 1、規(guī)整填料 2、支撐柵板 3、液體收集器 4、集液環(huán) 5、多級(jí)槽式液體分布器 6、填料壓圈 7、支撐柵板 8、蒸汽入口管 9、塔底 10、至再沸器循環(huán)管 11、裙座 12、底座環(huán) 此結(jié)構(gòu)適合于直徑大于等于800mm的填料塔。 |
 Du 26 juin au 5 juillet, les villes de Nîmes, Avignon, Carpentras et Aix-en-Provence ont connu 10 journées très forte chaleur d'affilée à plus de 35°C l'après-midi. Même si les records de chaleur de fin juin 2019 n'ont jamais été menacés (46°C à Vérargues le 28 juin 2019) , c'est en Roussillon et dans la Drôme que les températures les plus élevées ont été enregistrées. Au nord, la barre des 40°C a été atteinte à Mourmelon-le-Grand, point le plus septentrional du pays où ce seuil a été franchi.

==

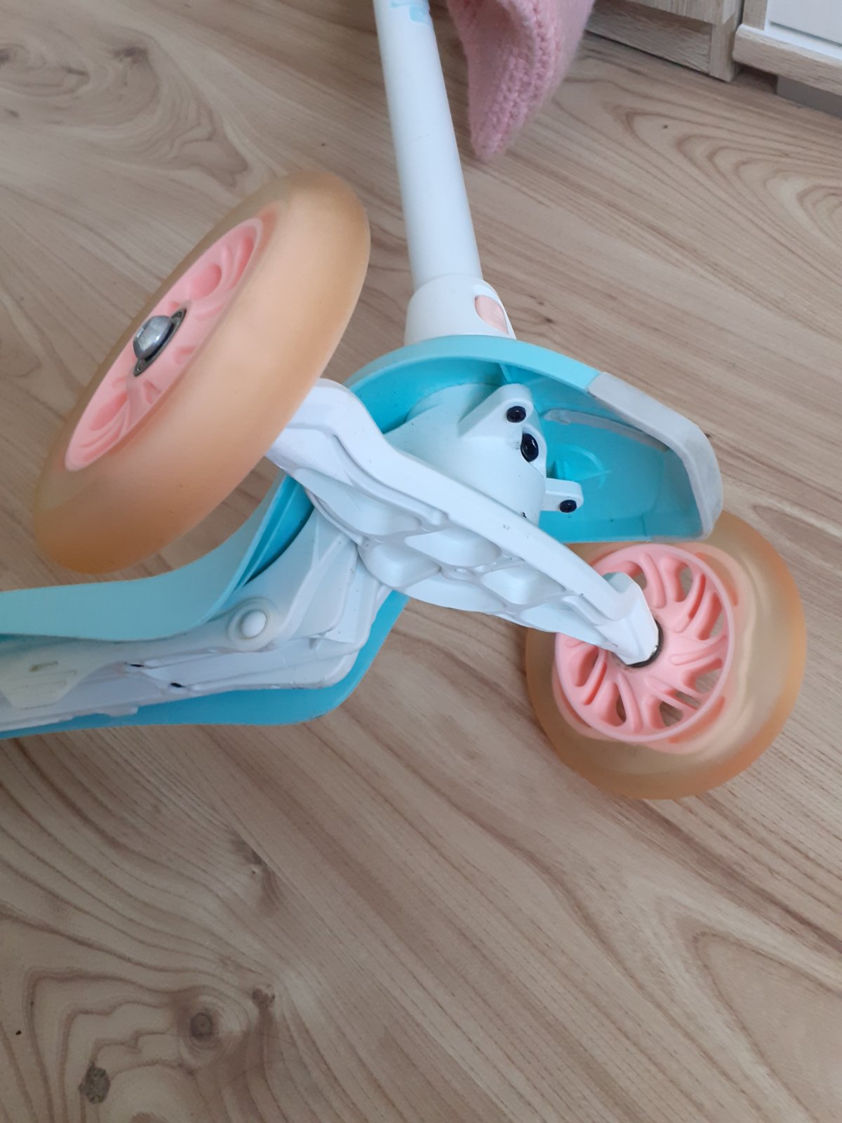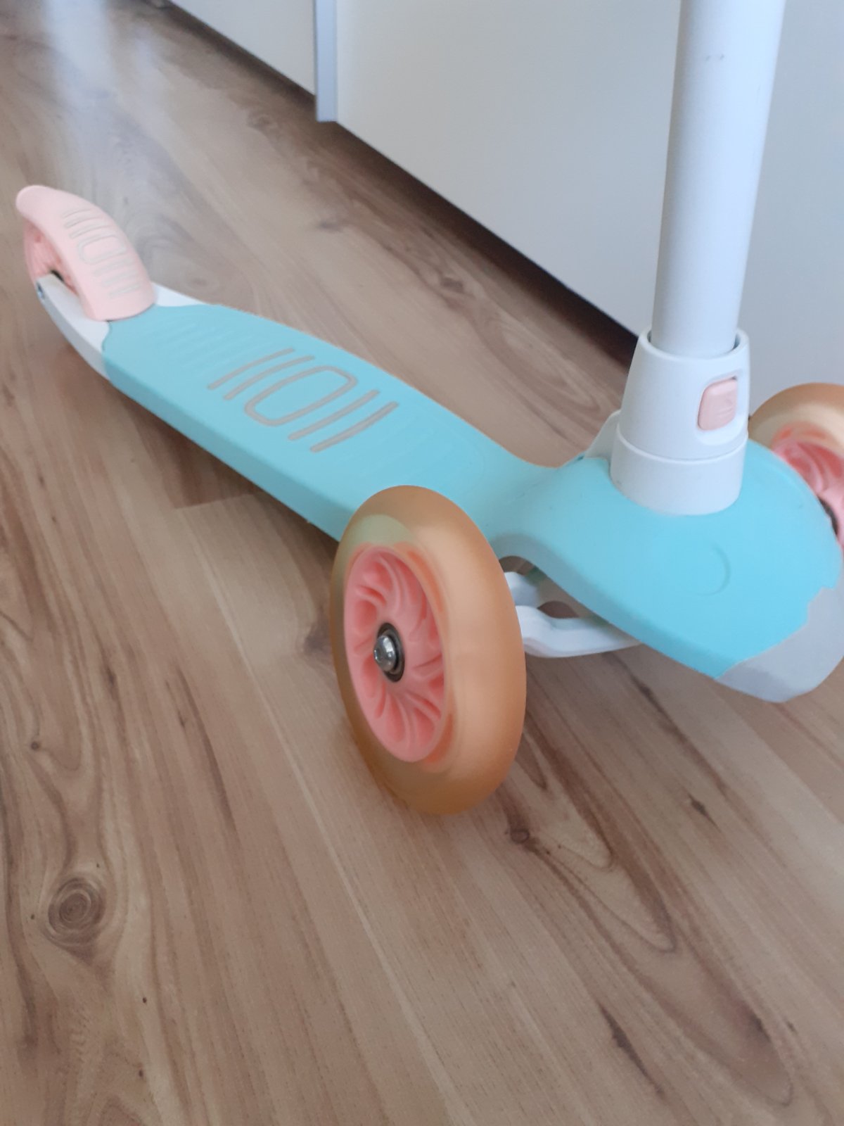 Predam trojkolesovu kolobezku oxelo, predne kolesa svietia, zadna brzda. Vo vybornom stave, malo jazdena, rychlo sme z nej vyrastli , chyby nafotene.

* * *

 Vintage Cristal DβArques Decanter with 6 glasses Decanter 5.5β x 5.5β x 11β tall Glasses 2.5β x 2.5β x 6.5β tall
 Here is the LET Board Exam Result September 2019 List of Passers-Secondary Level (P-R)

ACTION ITEM — Look back at the data above. Transcribe exactly the lines starting at the line that contains "Vintage Cristal DβArques" and ending at the line that contains "Here is the".

COMPLETED TASK —
 Vintage Cristal DβArques Decanter with 6 glasses Decanter 5.5β x 5.5β x 11β tall Glasses 2.5β x 2.5β x 6.5β tall
 Here is the LET Board Exam Result September 2019 List of Passers-Secondary Level (P-R)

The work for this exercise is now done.